The transition from LIBOR as a reference rate may adversely impact our net income.
    In 2017, the United Kingdom's Financial Conduct Authority announced that after 2021 it would no longer compel banks to submit the rates required to calculate the London Interbank Offered Rate ("LIBOR"). The use of LIBOR in new contracts was discontinued on December 31, 2021. Certain USD LIBOR tenors will continue to be published on a representative basis until June 30, 2023. At this time, no consensus exists as to what rate or rates may become acceptable alternatives to LIBOR and it is impossible to predict the effect of any such alternatives on the value of LIBOR-based securities and variable rate loans, subordinated debentures or other securities or financial arrangements, given LIBOR's role in determining market interest rates globally.
    Regulators, industry groups and certain committees (e.g., the Alternative Reference Rates Committee) have, among other things, published recommended fall-back language for LIBOR-linked financial instruments, identified recommended alternatives for certain LIBOR rates (e.g., the Secured Overnight Financing Rate as the recommended alternative to U.S. Dollar LIBOR), and proposed implementations of the recommended alternatives in floating rate instruments.

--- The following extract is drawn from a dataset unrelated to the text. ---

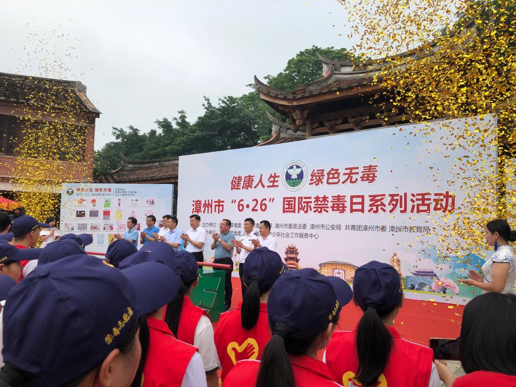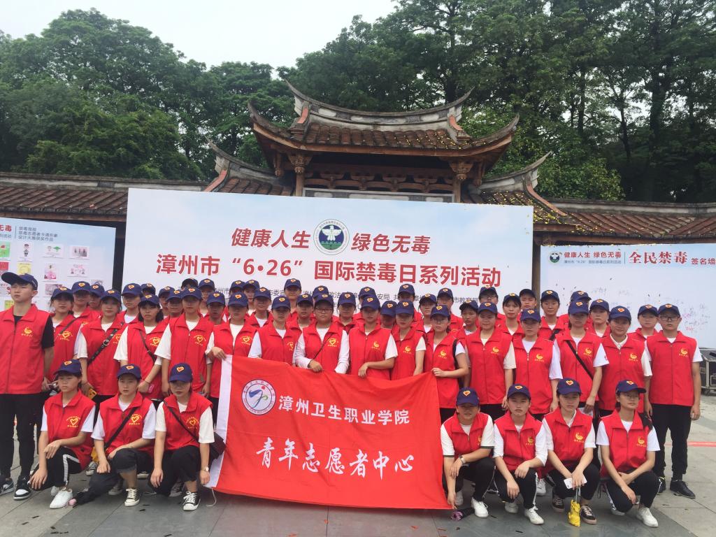 为进一步营造全民禁毒的良好氛围,充分发挥我院禁毒志愿者的宣传作用,提高民众的禁毒意识。今年是第32个国际禁毒日,2019年6月26日上午,我院安全保卫处与团委组织禁毒志愿者参加主题为“健康人生 绿色无毒”——漳州市"6.26"国际禁毒日系列活动。

At this time, it is not possible to predict whether these specific recommendations and proposals will be broadly accepted, whether they will continue to evolve, and what the effect of their implementation may be on the markets for floating-rate financial instruments.
    We have a significant number of loans, derivative contracts, borrowings and other financial instruments with attributes that are either directly or indirectly dependent on LIBOR. The transition from LIBOR could create considerable costs and additional risk. Since proposed alternative rates are calculated differently, payments under contracts referencing new rates will differ from those referencing LIBOR. The transition will change our market risk profiles, requiring changes to risk and pricing models, valuation tools, product design and hedging strategies. Furthermore, failure to adequately manage this transition process with our customers could adversely impact our reputation. Although we are currently unable to assess what the ultimate impact of the transition from LIBOR will be, failure to adequately manage the transition could have a material adverse effect on our business, financial condition and results of operations.
Declines in value may adversely impact our investment portfolio.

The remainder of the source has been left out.